◆ ABOUT THIS EXERCISE ◆
Output the lines of the records below exactly, beginning at their first line and ending at the line with "WC, beheizter Handtuchhalter"; include no pictures.

◆ LISTED RECORDS ◆
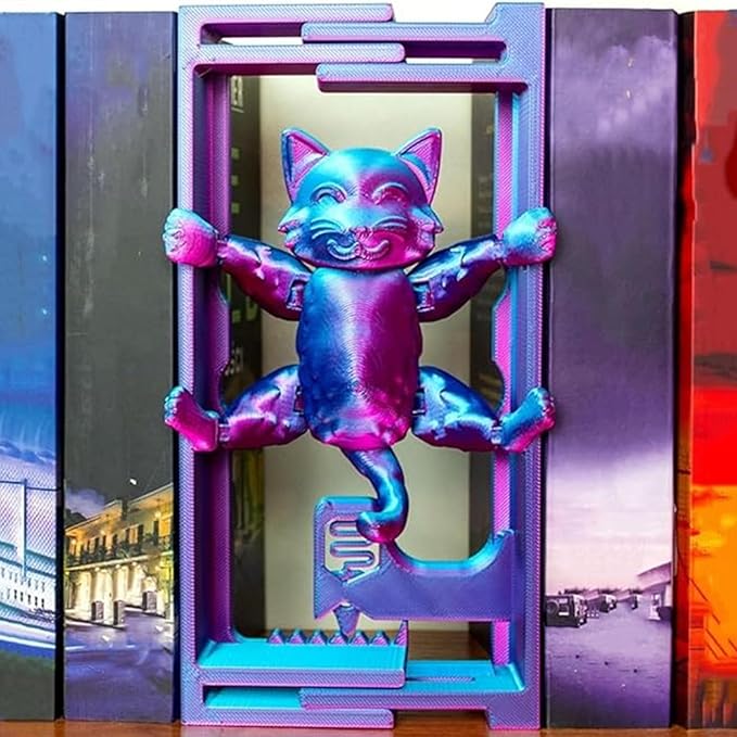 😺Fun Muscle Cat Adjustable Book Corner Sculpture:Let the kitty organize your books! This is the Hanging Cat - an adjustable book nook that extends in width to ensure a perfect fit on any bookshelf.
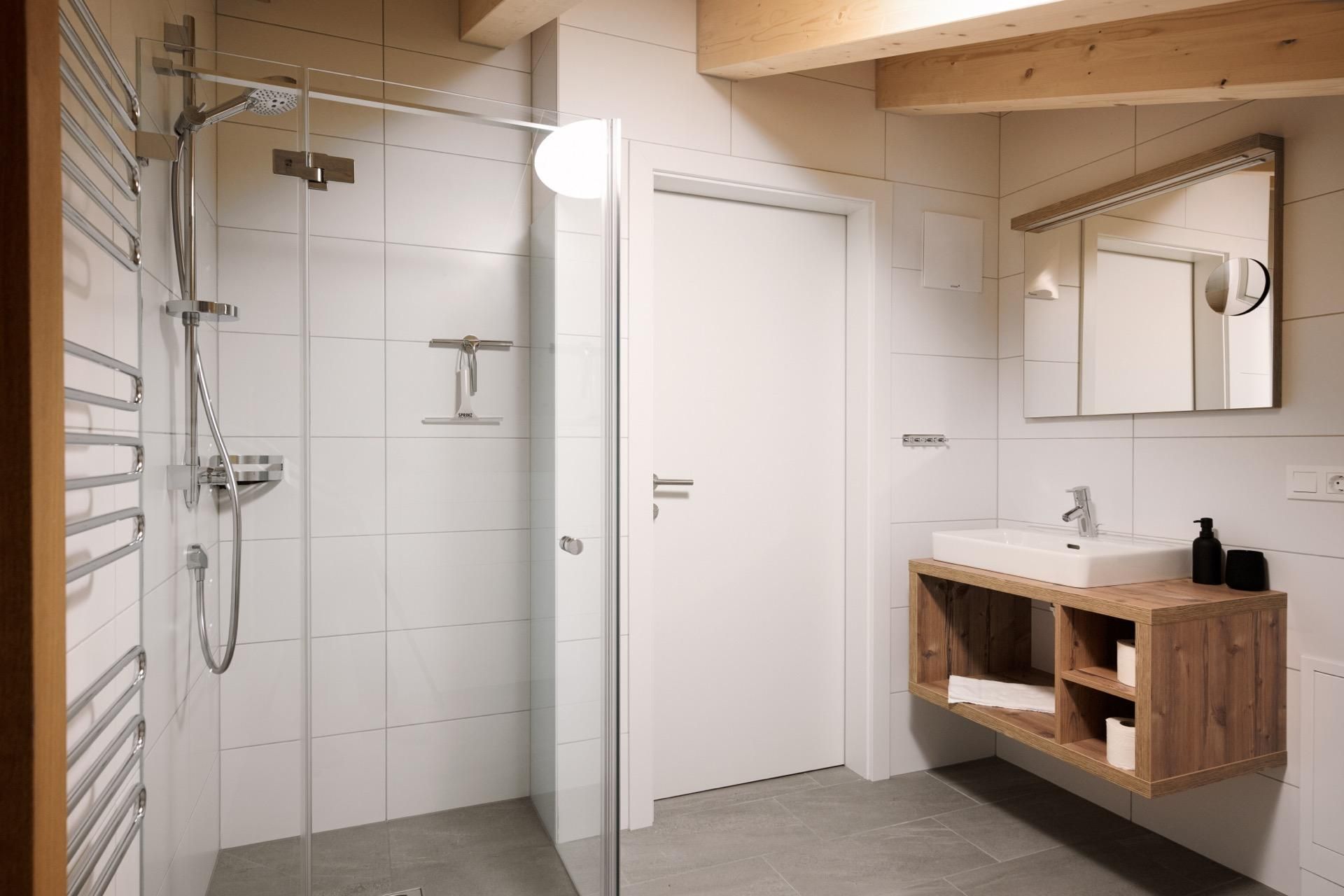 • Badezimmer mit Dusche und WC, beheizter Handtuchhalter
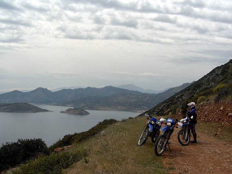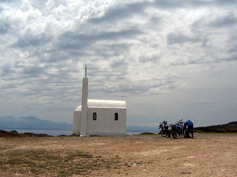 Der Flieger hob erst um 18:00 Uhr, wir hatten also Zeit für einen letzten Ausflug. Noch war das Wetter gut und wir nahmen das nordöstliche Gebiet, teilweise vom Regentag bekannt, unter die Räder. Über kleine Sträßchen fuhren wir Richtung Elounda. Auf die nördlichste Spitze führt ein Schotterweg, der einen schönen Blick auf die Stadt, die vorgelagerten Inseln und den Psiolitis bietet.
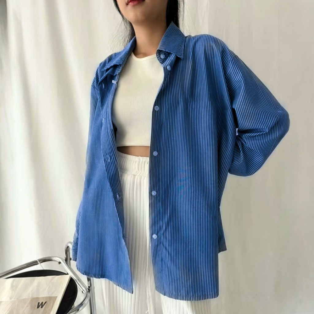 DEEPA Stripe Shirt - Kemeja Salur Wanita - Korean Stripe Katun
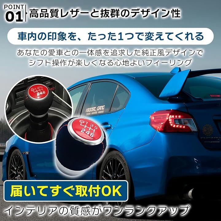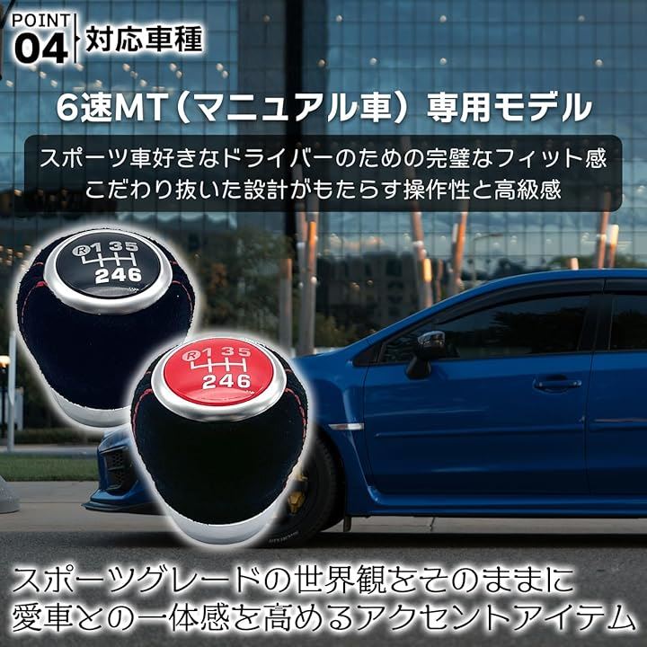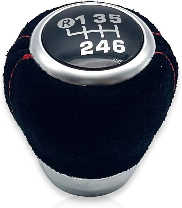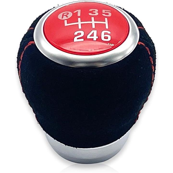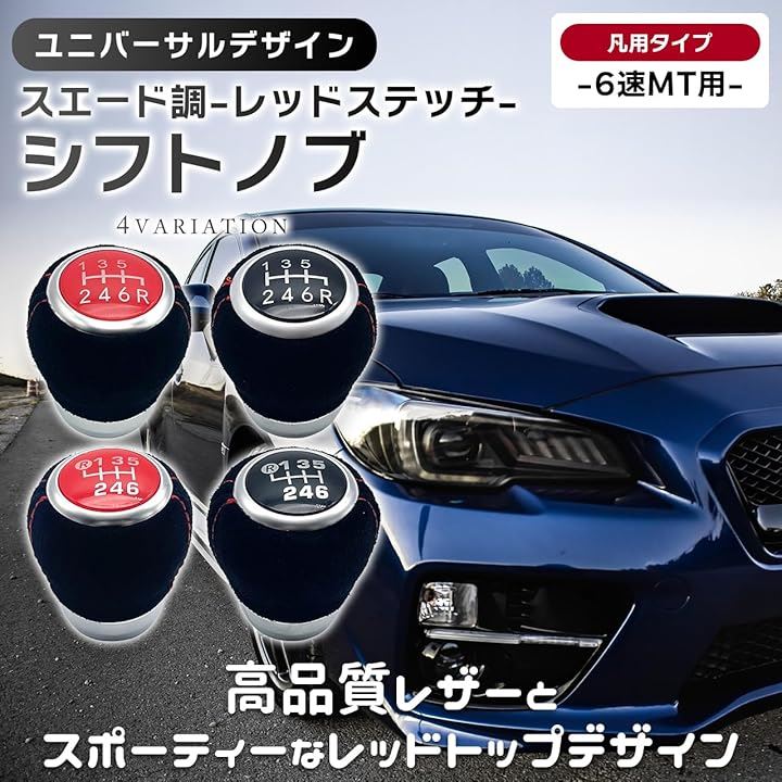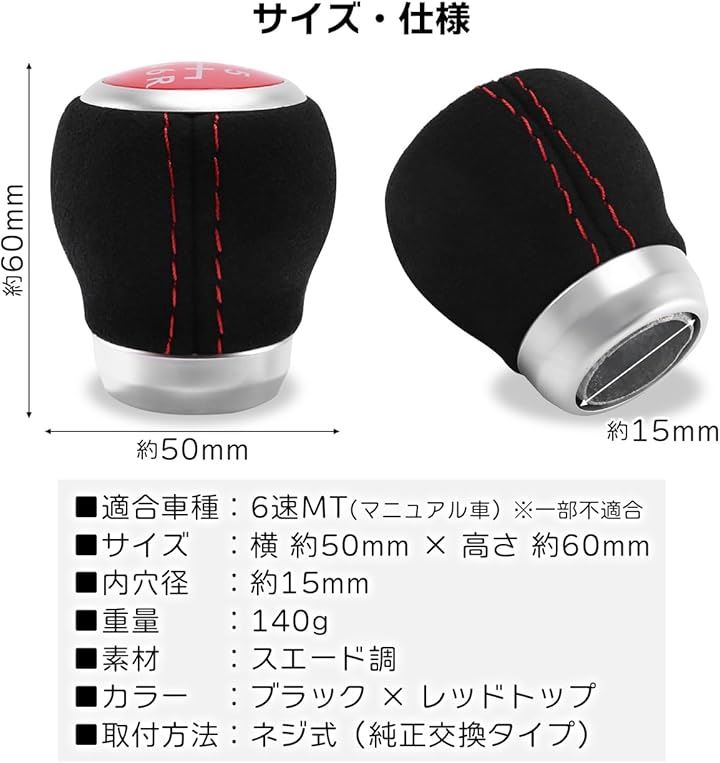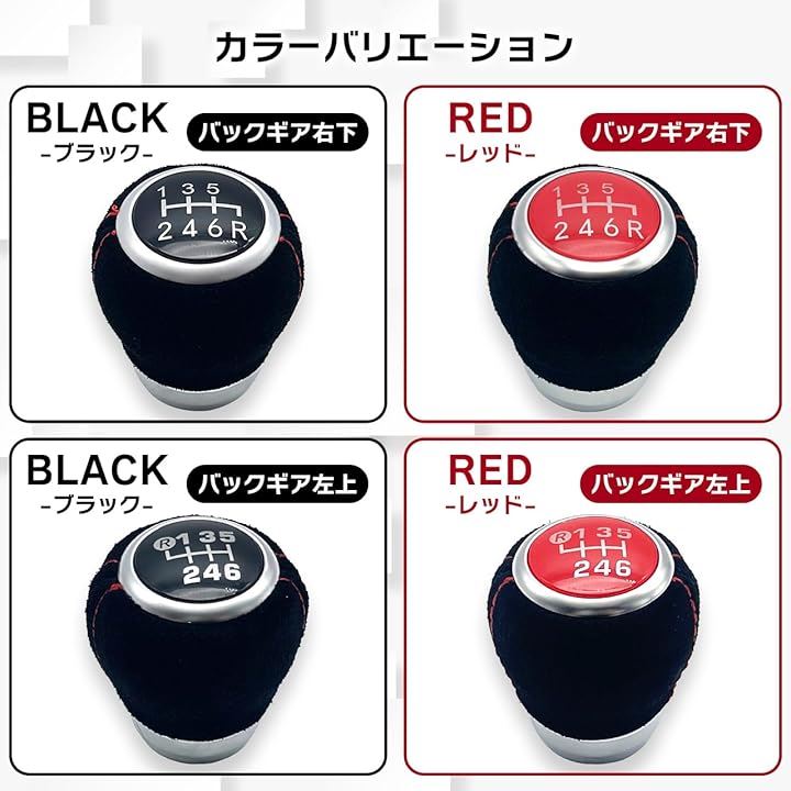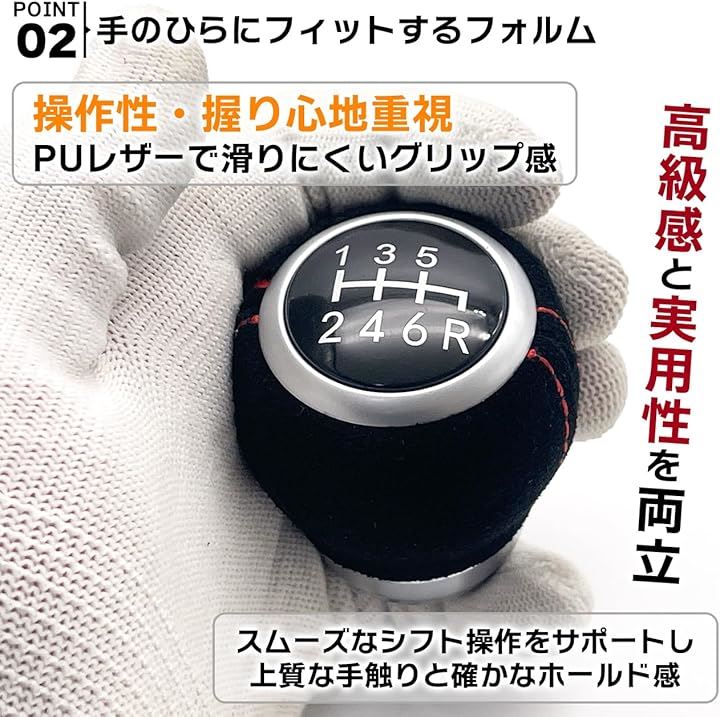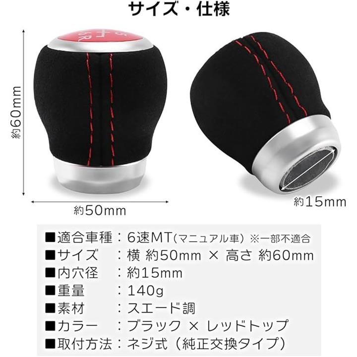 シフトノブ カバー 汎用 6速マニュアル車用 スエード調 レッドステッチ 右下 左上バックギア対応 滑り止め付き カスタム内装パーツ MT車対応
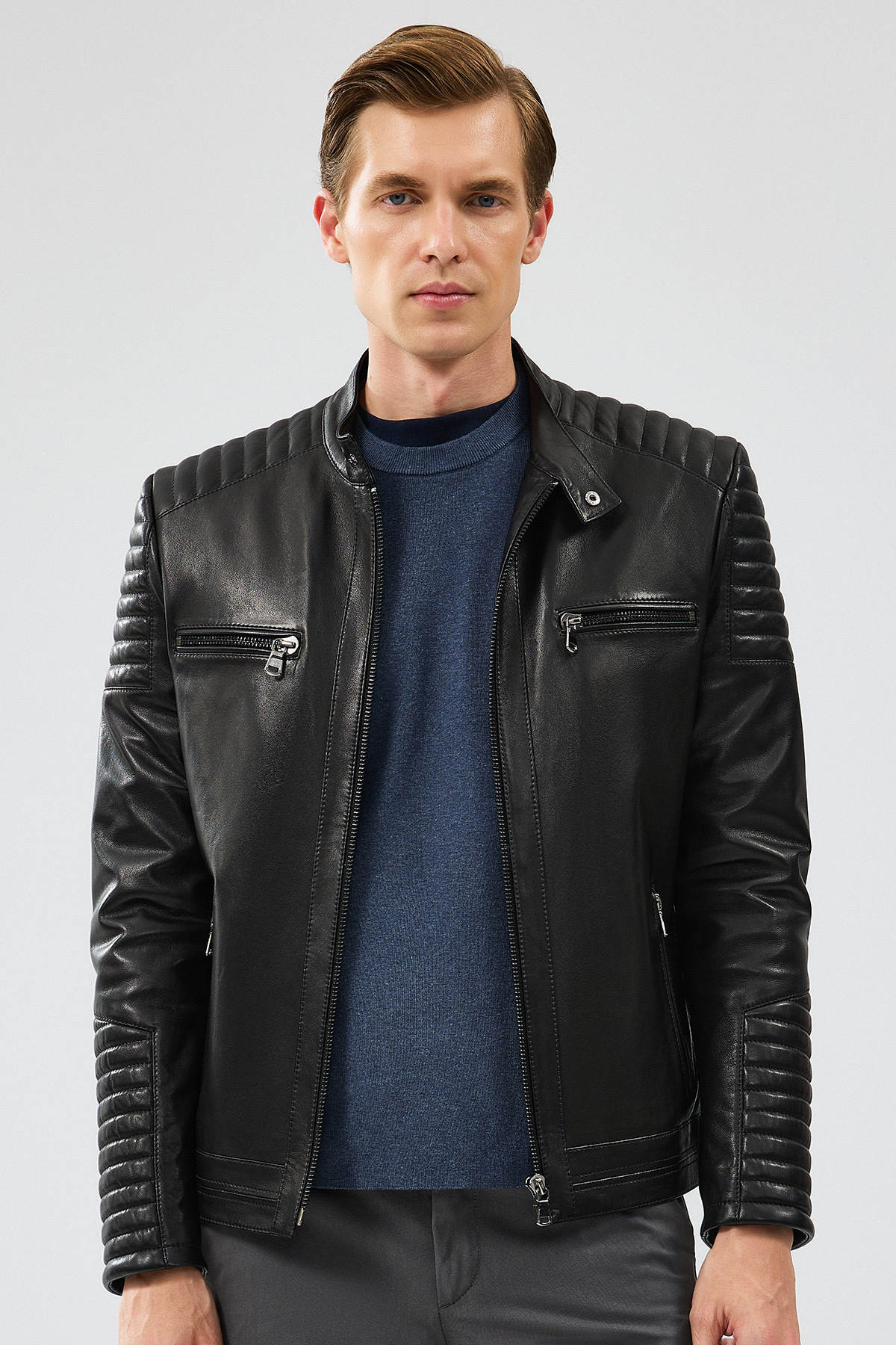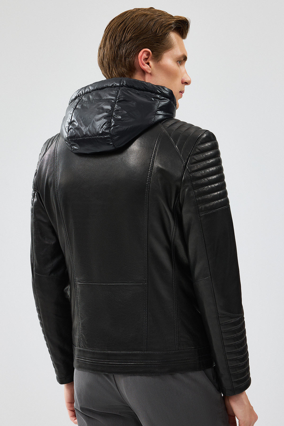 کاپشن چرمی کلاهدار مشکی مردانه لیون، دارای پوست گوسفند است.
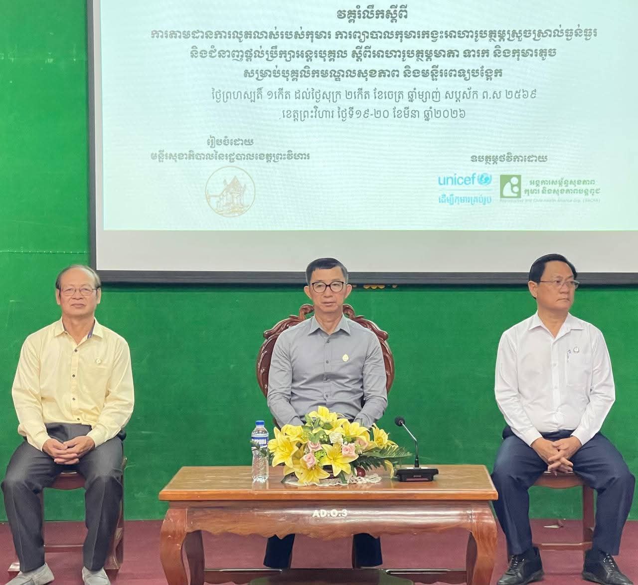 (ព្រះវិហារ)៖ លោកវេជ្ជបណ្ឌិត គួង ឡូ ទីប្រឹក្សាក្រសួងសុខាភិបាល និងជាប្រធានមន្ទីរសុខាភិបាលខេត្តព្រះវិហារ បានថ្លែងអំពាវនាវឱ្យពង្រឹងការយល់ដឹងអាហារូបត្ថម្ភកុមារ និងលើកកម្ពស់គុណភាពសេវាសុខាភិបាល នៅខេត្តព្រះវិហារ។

◆ OUTPUT OF THE EXERCISE ◆
 😺Fun Muscle Cat Adjustable Book Corner Sculpture:Let the kitty organize your books! This is the Hanging Cat - an adjustable book nook that extends in width to ensure a perfect fit on any bookshelf.
 • Badezimmer mit Dusche und WC, beheizter Handtuchhalter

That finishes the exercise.